Yo lo amaba, incluso cuando Midas insistía en llamarlo "chatarra cara". La rutina del día avanzaba entre clientes indecisos y el sonido constante de las notificaciones en mi celular. Una de ellas, como siempre, provenía del grupo de WhatsApp llamado Locas pero divertidas. Mis amigas de toda la vida, las únicas capaces de sacarme una sonrisa incluso en medio de cualquier situación.
—¿Qué plan para hoy?
—Sobrevivir al jefe sin asesinarlo.
—Yo voy saliendo de una reunión eterna, no cuenten conmigo.
—A mí todavía me quedan tres clientes pesadillas, así que paso.
—Y Merath tiene que abrir la tienda, como la adulta responsable que nunca quiso ser.
Rodé los ojos y sonreí. Ellas eran siempre un salvavidas en medio de la rutina.
La tarde se deslizó entre cajas y polvo hasta que mis dedos tocaron algo distinto. Un objeto escondido en el fondo de una caja que juraba haber vaciado la semana pasada. Era un medallón oscuro, metálico, frío al tacto. Pareciendo brillar por sí mismo, como si respirara.
Me quedé quieta, observándolo hasta que mi piel comenzó a picar. Y entonces, por un instante, lo sentí, la sensación de ser observada; gire mi rostro rápidamente hacia la entrada como si pudieran atraparme haciendo algo equivocado. Absurdo.
Soy lo que se considera sangre mixta y no somos ignorante a eso. ¿Qué dirías si de repente un mundo desconocido para ti se hace evidente? Bueno, emocionarte por ello está en el último puesto de la lista de emociones que tienes ante una noticia así. Mi madre se veía humana pero no era totalmente humana. Era un elfo... eh...sí; yo tampoco lo entendía cuando estaba pequeña, pero me acostumbré. Se nos fue explicado cuando tuvimos "la edad suficiente para entender"; mi padre probablemente era humano.

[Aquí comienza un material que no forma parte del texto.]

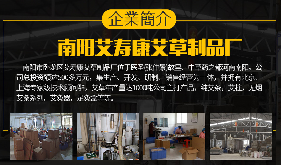 南陽市臥龍區艾壽康艾草制品廠位于醫圣(張仲景)故里、中草藥之都----河南南陽,是經國家正式批準的自主經營,專業從事天然艾草制品加工、銷售、研發于一體的企業。公司自成立以來一直秉承“以人為本,以市場為導向,以技術為立足點,著力于為客戶創造價值”的經營理念,秉承著“傳承千年養生文化”的企業宗旨,專注于高品質艾草加工制作,公司致力發展艾草事業,打造艾草行業精品。立足中國,輻射全球,攜手國內外同行弘揚中醫傳統文化,造福百姓。

Yo nací con algo distinto a un humano normal; desde pequeña pude sentir lo que otros no podían: Emociones. Estar en una habitación llena de gente era como sumergirme en un río desbordado de sentimientos. Y si tocaba a alguien, podía distinguir cuál emoción era la que dominaba.
Agotador.
Luego ella desapareció alrededor de mis veinte años, al igual que Midas, con mis hermanas apenas entrando a la adolescencia. El dolor fue tan intenso ese día que caí en fiebre; ellos tuvieron que mantenerse lejos de mí por unos días. Desde entonces, cada emoción era como una ola que me arrastraba. Aun así, aprendimos a sobrevivir; cuatro hermanos contra un mundo que nos ignoraba y contra otro que nos repudiaba.
El tintineo de la campanita me arrancó de mis pensamientos. Guardé el medallón en su caja y me incorporé con calma, como si nada fuera diferente.
—Bienvenida a Antigüedades Mozeg, ¿En qué puedo ayudarle?
—¿No es de mala educación darle la espalda a un cliente? —expresó una voz jocosa, provocadora y familiar.
Me giré de inmediato. Y ahí estaba él. El hombre que llevaba años preguntándome dónde se encontraba. Ahora, al fin, tenía una respuesta.